▶ [Work instructions]: Give all of the listing again word for word, with images excluded.

▶ [Given material]:
-=-=-

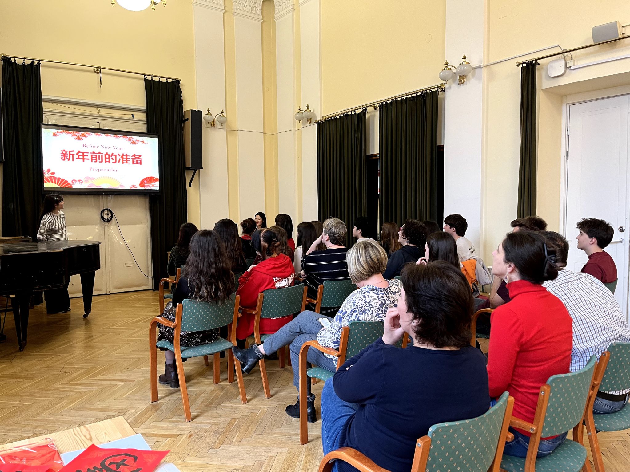 当地时间2月10日,罗兰大学孔子学院下设教学点莫大奇中学(Madách Imre Secondary School)成功举办春节文化活动。活动以中国春节为主题,通过知识讲座、文化体验等形式,吸引了该校约60名师生参与,该校校长亦到场体验。
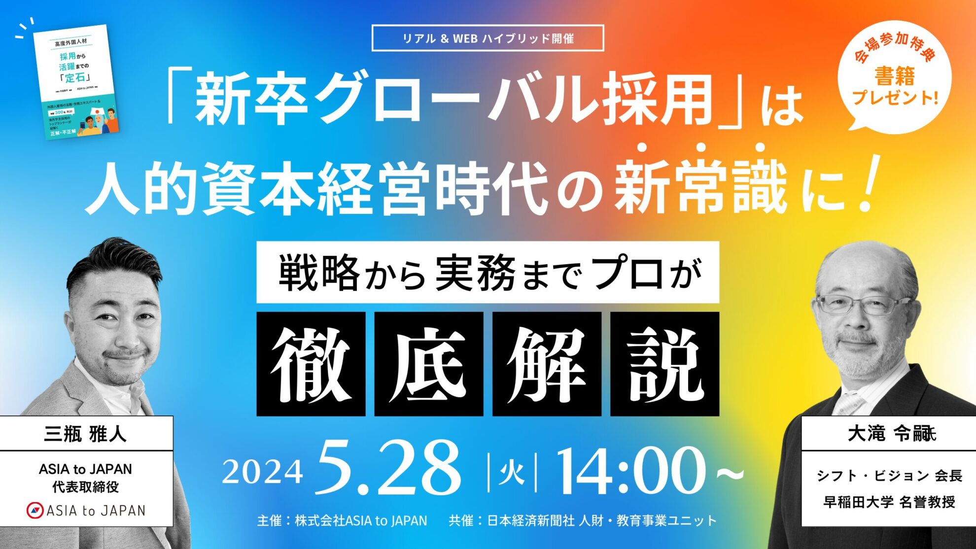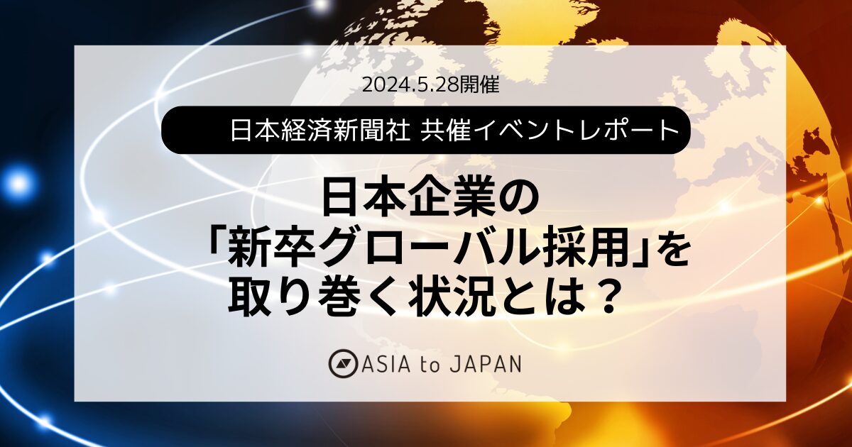 24年5月28日、ASIAtoJAPANと日本経済新聞社の共催イベント『「新卒グローバル採用」は人的資本経営時代の新常識に!戦略から実務までプロが徹底解説』を行いました。労働力確保のみならず、ダイバーシティの促進やイノベーション創出など、さまざまな効果が期待できる新卒の高度外国人材採用。
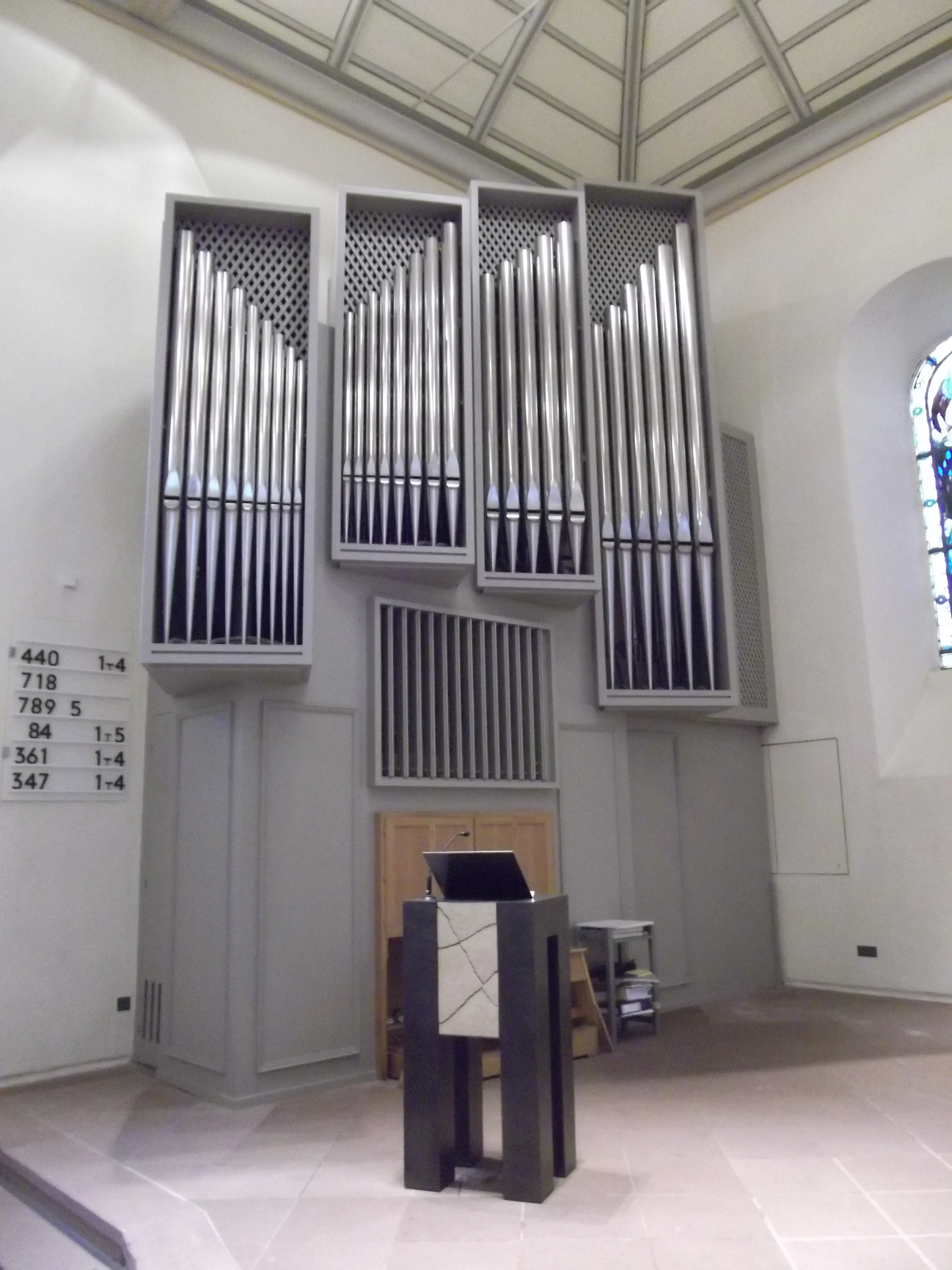 Das vollmechanische Instrument verfügt über 16 Register auf zwei Manualen und Pedal.

-=-=-

▶ [Task solution]:
 当地时间2月10日,罗兰大学孔子学院下设教学点莫大奇中学(Madách Imre Secondary School)成功举办春节文化活动。活动以中国春节为主题,通过知识讲座、文化体验等形式,吸引了该校约60名师生参与,该校校长亦到场体验。
 24年5月28日、ASIAtoJAPANと日本経済新聞社の共催イベント『「新卒グローバル採用」は人的資本経営時代の新常識に!戦略から実務までプロが徹底解説』を行いました。労働力確保のみならず、ダイバーシティの促進やイノベーション創出など、さまざまな効果が期待できる新卒の高度外国人材採用。
 Das vollmechanische Instrument verfügt über 16 Register auf zwei Manualen und Pedal.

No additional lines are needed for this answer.